The Russian educational corpus was opened in 2007. It is primarily intended for school lessons of the Russian language and literature. It can also be used in university teaching (at non-linguistic programs, e.g. in media and communications) as well as for teaching Russian as a foreign language and for training language teachers.
The main part of the corpus is made up of works included in the literature curriculum for secondary and high schools, including those recommended for extracurricular reading. Non-fiction texts included in the corpus belong to the functional styles that are studied in the course of the Russian language (journalistic, official, educational, academic and colloquial styles). The genres of these texts are diverse, reflecting the requirements of the school curriculum: news pieces, articles, interviews, reports, laws, protocols, statements, business letters, academic and popular articles, reviews, annotations, abstracts, everyday correspondence, everyday speech, etc.
All the texts are morphologically annotated, grammatical features are ascribed to all words, thus providing, in standard school terms, a “grammatical analysis” of each word. Morphological markup has been performed automatically in the texts of the Educational corpus using a special program, while grammatical homonyms have been disambiguated. For each token, the entire possible set of features is provided. Among them, a single analysis, determined by the program as the most preferred, is highlighted as the principal one. Thanks to the automatic disambiguation, it is possible to differentiate grammatical homonyms: word forms with different sets of grammatical features yield different parsings. A small part of the texts of the Educational corpus are manually disambiguated.
The morphological annotation in the educational corpus is adapted to the standard Russian language manuals and provides the traditional, simplified grammatical analysis. In addition, in order to comply with the purposes of school teaching, additional morphological features were introduced into the annotation scheme: inflectional types of nouns and verbs (declension, conjugation) and lexical and grammatical categories of nouns, adjectives, pronouns, adverbs.
The Educational corpus features morphemic analysis of lexemes, accessible within the Word at a Glance tool. This analysis is imformed by Alexander Tikhonov's Morphemic-orthological dictionary. Functional words and proper names are not analyzed
The current state of the Educational corpus is related to its latest functionality. First of all, these are new types of search results (Graph by year, Statistics, Frequency, N-grams), new types of search query (Collocation Search), as well as a new analytical tool – Word at a Glance which includes Word Sketches and Similar Words widgets. Also, Frequency Dictionary, Corpus and Subcorpus portraits are available, allowing users to analyze and compare the features of the whole corpus and customized subcorpus.

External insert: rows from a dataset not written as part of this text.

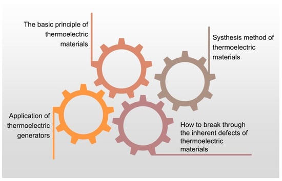 Novel materials could be invented to enhance the ZT of thermoelectric materials further. Interestingly, various materials with superior ZT have been discovered. For example, SnSe [,,,,] and Mg-based materials [,]. Moreover, in specific scenarios, the importance of flexible thermoelectric materials is gradually being reflected, and the rapid development of organic thermoelectric materials provides a prerequisite for it [,,,].
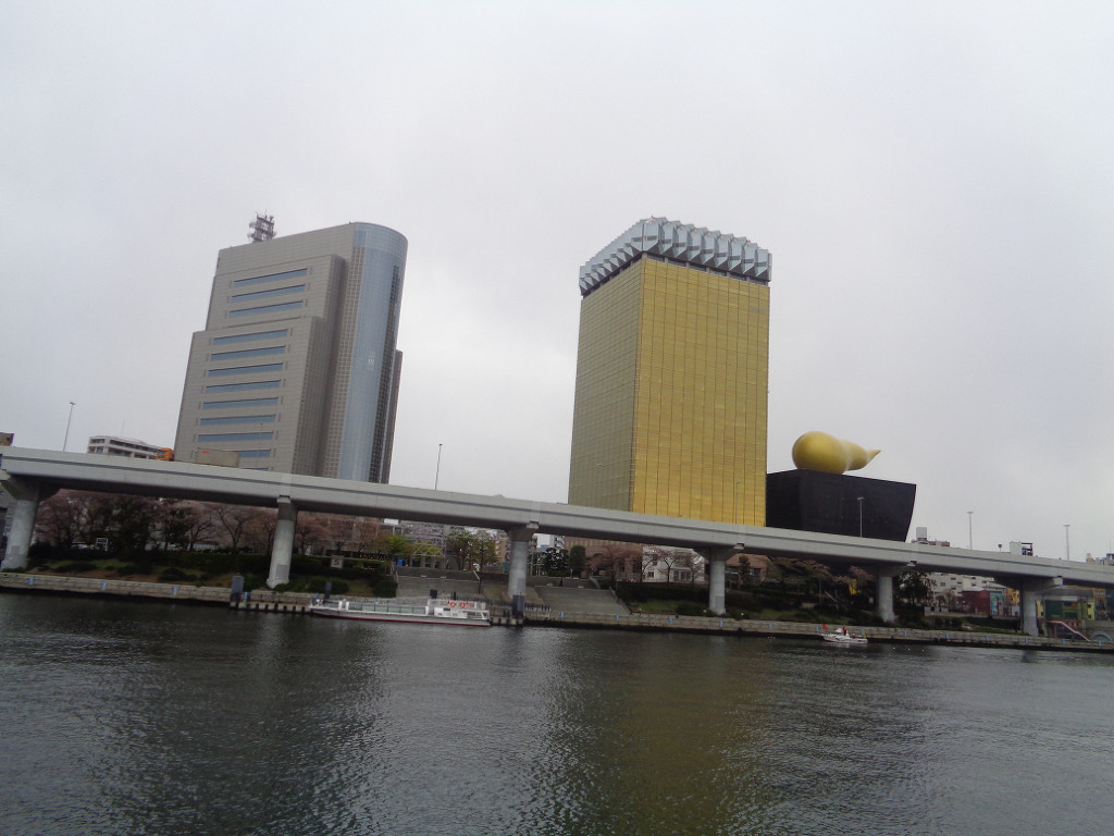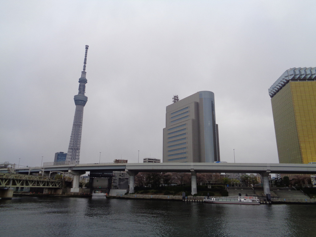 센소지를 나와 동쪽으로 걸어서 스미다강 에 이르러 에 634미터 스카이트리와 이미 져버린
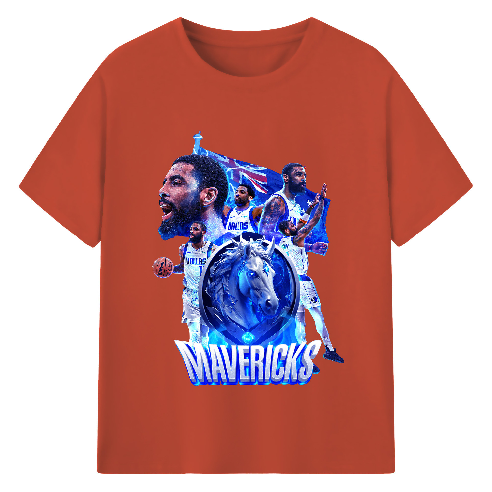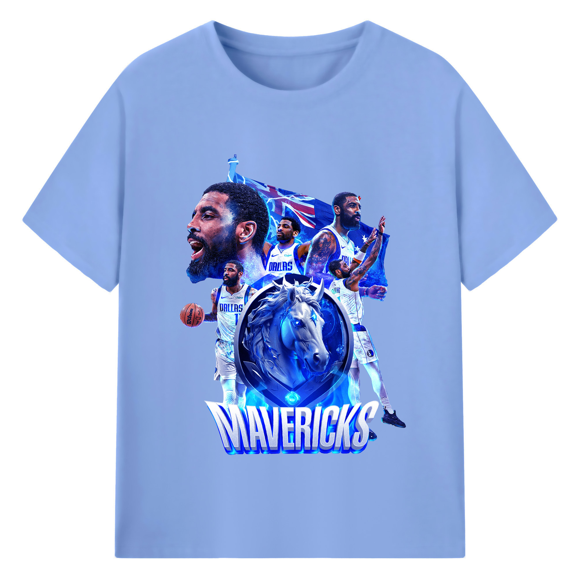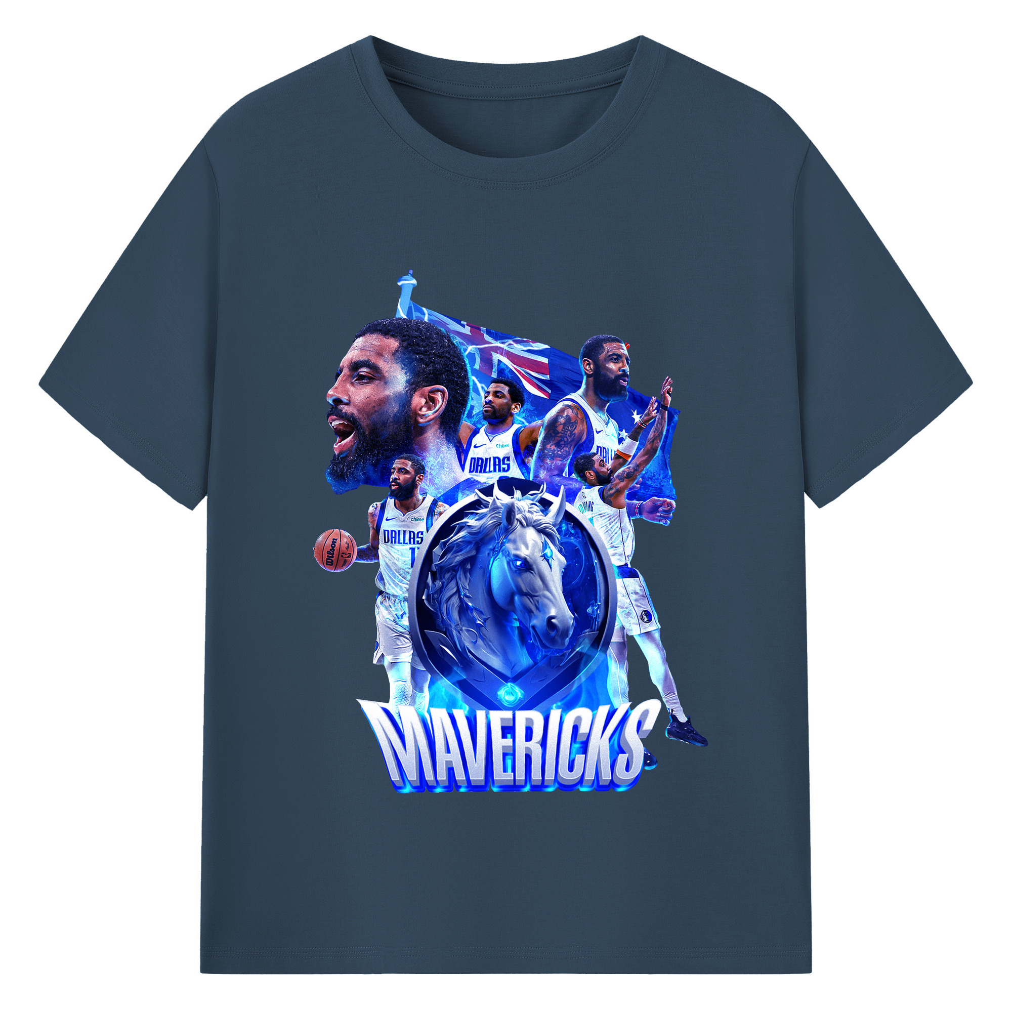 Kyrie Irving Dallas Mavericks 3D team logo POP Shirt - 180g Cotton T-Shirt With Front Heat Transfer Print – Soft, Lightweight, Fitted Design – Comfortable Casual Wear For Sports & Everyday Use
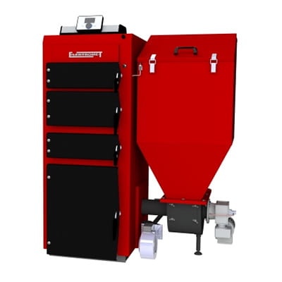 Kotły są konstrukcjami spawanymi z blachy stalowej o grubości 4 mm – korpus i o grubości 5 mm – wymiennik. Paliwo dostarczane jest do palnika za pomocą podajnika ślimakowego napędzanego motoreduktorem ze szczelnego zasobnika (pokrywa uszczelniona uszczelką) usytuowanego z prawej tzw. „kocioł prawy” lub lewej strony korpusu tzw. „kocioł lewy”.

The Educational corpus greatly facilitates the preparation of test assignments for various sections of the Russian language course, makes the process of teaching the Russian language more diverse and modern, provides material for small-scale studies that can be carried out by school students, writing essays, etc. The wide representation of school program texts and the new research tools open up prospects for using the Educational corpus when studying a particular author's language and style, and conducting comparative studies of expressive and visual means in fiction, poetry, etc.